Most self-service BI tools now have a basic data loading and data preparation capability today with Tableau Data Prep being one of the latest examples. Designed to handle more complex data prep use-cases than basic datatype changes and field-splitting, they give end-users the ability to do this type of work themselves rather than trying to do it in Excel or handing the work off to the IT department and having to wait days or weeks to get that data back.

Data Flows are a feature that’s been introduced since the original on-premises version of OBIEE12c that I last used when working out in consulting, and provide you with what’s effectively a lightweight, multi-step ETL tool that executes transformations using the BI Server’s Model Extension feature, introduced back when OBIEE12c first came out as the mechanism to enable on-the-fly data mashups between server-side and user-uploaded datasets.

Looking at the transformation operators available in OAC Data Lake Edition v4 there’s quite a few that apply to data lake and data engineering-type workloads including running Python statistical analysis scripts and predictive model training and model build; there’s also an operator for creating an Essbase Cube, with Essbase in this instance positioned as a fast ad-hoc analysis back-end for use with the data visualization part of OAC.

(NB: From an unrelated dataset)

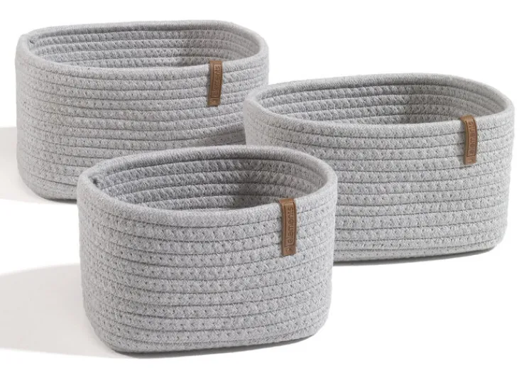 Der in Seiloptik gestaltete casaNOVA Aufbewahrungskorb besteht aus einem grauen Mischgewebe, gefertigt aus Baumwolle, Polyester und Polyurethan (PU). Der Dekokorb ist 20 cm breit, 12 cm tief und hat eine Höhe von 15 cm.
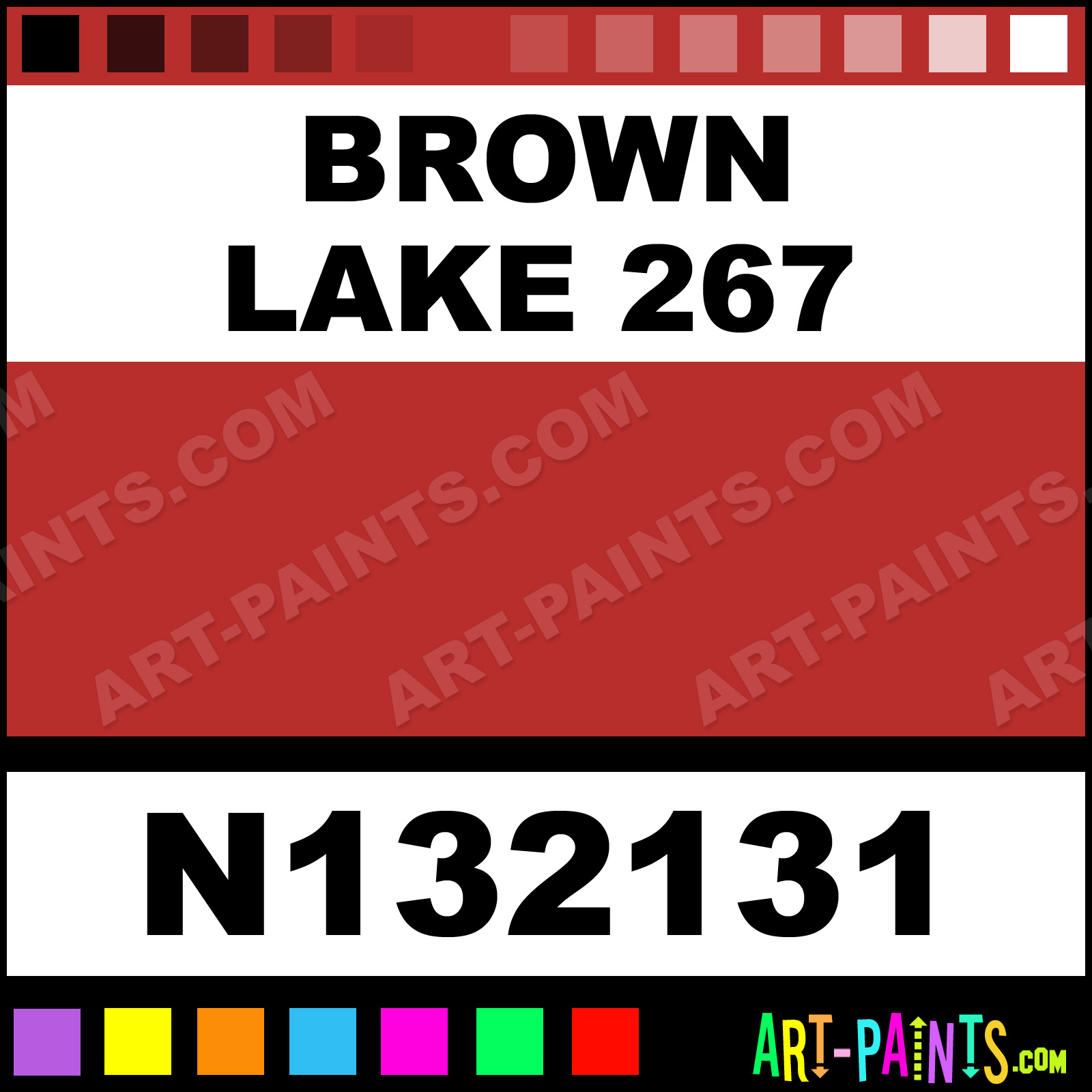 This beautiful Soft Landscape 100 Pastel shade is called Brown Lake 267, and comes from a company called Sennelier. Their product number, along with the HTML color code, RGB, and CMYK codes are listed below. This Beautiful Shade of Brown Lake 267 and others can be found in the Sennelier Soft Landscape 100 Art Paint Gallery! Also be sure to browse through the other wonderful Professional Color Galleries to see more of Sennelier Soft Landscape 100 Pastel Brand Paints and other Paint Manufacturers. And as always, Paint Paint Paint! -Art-Paints.com

For now though there’s two transformation tasks I want to do with my Hive datasets; first, enrich the incoming social media data by analyzing the sentiment in each tweet and then writing the data plus this sentiment tagging back to the Oracle Big Data Cloud environment, so that I can then turn those sentiment tags into a score and create a data visualization showing who sends me the most tweets and how crazy they are overall.

The second data enrichment I wanted was on some Strava cycling workout data I’d uploaded directly into OAC using the CSV file upload facility; using the model train and build Data Flow operators I defined a model to predict how many “kudos”, the Strava equivalent to Facebook “likes”, I’d get for a given cycle workout with a number of different variables available to the model in order to make the prediction — for example, distance and elevation gain, map location, effort expended and so on.

Then, after running the model build step and looking at the predicted values and the actual ones for the remainder of the dataset not used for model training, you can see the predicted kudos values are fairly in-line with the ones I actually recorded for those rides.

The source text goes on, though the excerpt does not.